- _RECORDS FOR THIS EXERCISE_

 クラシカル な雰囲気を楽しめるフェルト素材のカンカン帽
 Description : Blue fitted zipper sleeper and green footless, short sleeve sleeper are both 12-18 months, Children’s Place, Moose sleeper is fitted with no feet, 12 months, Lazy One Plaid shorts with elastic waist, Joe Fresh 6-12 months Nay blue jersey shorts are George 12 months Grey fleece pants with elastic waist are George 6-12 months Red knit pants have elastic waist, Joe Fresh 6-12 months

==

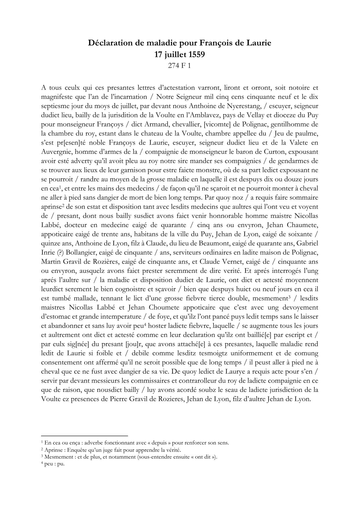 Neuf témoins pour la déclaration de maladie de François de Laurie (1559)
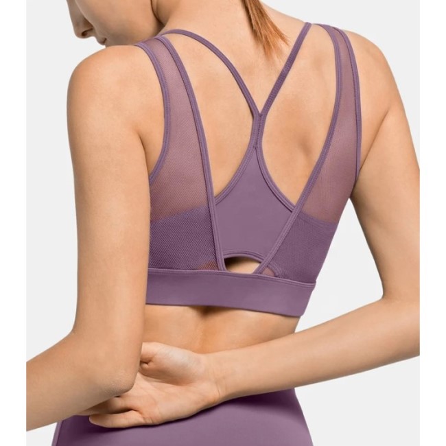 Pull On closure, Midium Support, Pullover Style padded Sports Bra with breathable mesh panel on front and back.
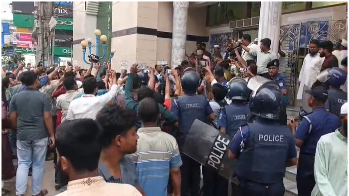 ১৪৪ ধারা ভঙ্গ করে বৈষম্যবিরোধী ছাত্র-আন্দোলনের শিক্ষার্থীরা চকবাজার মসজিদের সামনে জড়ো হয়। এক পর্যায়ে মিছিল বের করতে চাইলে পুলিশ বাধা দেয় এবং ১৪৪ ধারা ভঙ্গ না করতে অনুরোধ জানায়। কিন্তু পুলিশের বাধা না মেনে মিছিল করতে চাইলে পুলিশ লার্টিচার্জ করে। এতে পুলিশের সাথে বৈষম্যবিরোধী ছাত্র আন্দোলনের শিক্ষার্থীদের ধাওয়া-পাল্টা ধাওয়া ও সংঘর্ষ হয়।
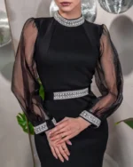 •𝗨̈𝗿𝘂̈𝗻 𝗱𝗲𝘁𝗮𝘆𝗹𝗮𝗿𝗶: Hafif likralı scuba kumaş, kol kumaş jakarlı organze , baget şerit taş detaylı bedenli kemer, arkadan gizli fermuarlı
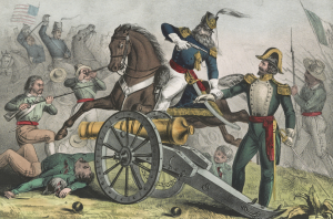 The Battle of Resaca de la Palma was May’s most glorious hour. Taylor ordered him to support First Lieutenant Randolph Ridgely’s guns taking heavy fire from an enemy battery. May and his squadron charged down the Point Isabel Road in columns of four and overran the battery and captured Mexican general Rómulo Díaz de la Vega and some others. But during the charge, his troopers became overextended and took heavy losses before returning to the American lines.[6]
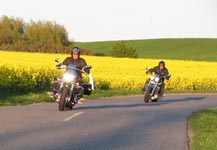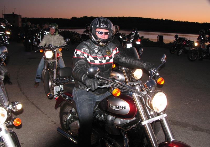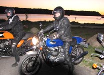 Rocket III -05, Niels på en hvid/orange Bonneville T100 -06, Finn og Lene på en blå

- _GOAL OF THE EXERCISE_
Repeat word for word the lines above that run from the line containing "クラシカル な雰囲気を楽しめるフェルト素材のカンカン帽" through the line containing "Description : Blue", both ends included, and nothing else.

- _EXERCISE OUTPUT_
 クラシカル な雰囲気を楽しめるフェルト素材のカンカン帽
 Description : Blue fitted zipper sleeper and green footless, short sleeve sleeper are both 12-18 months, Children’s Place, Moose sleeper is fitted with no feet, 12 months, Lazy One Plaid shorts with elastic waist, Joe Fresh 6-12 months Nay blue jersey shorts are George 12 months Grey fleece pants with elastic waist are George 6-12 months Red knit pants have elastic waist, Joe Fresh 6-12 months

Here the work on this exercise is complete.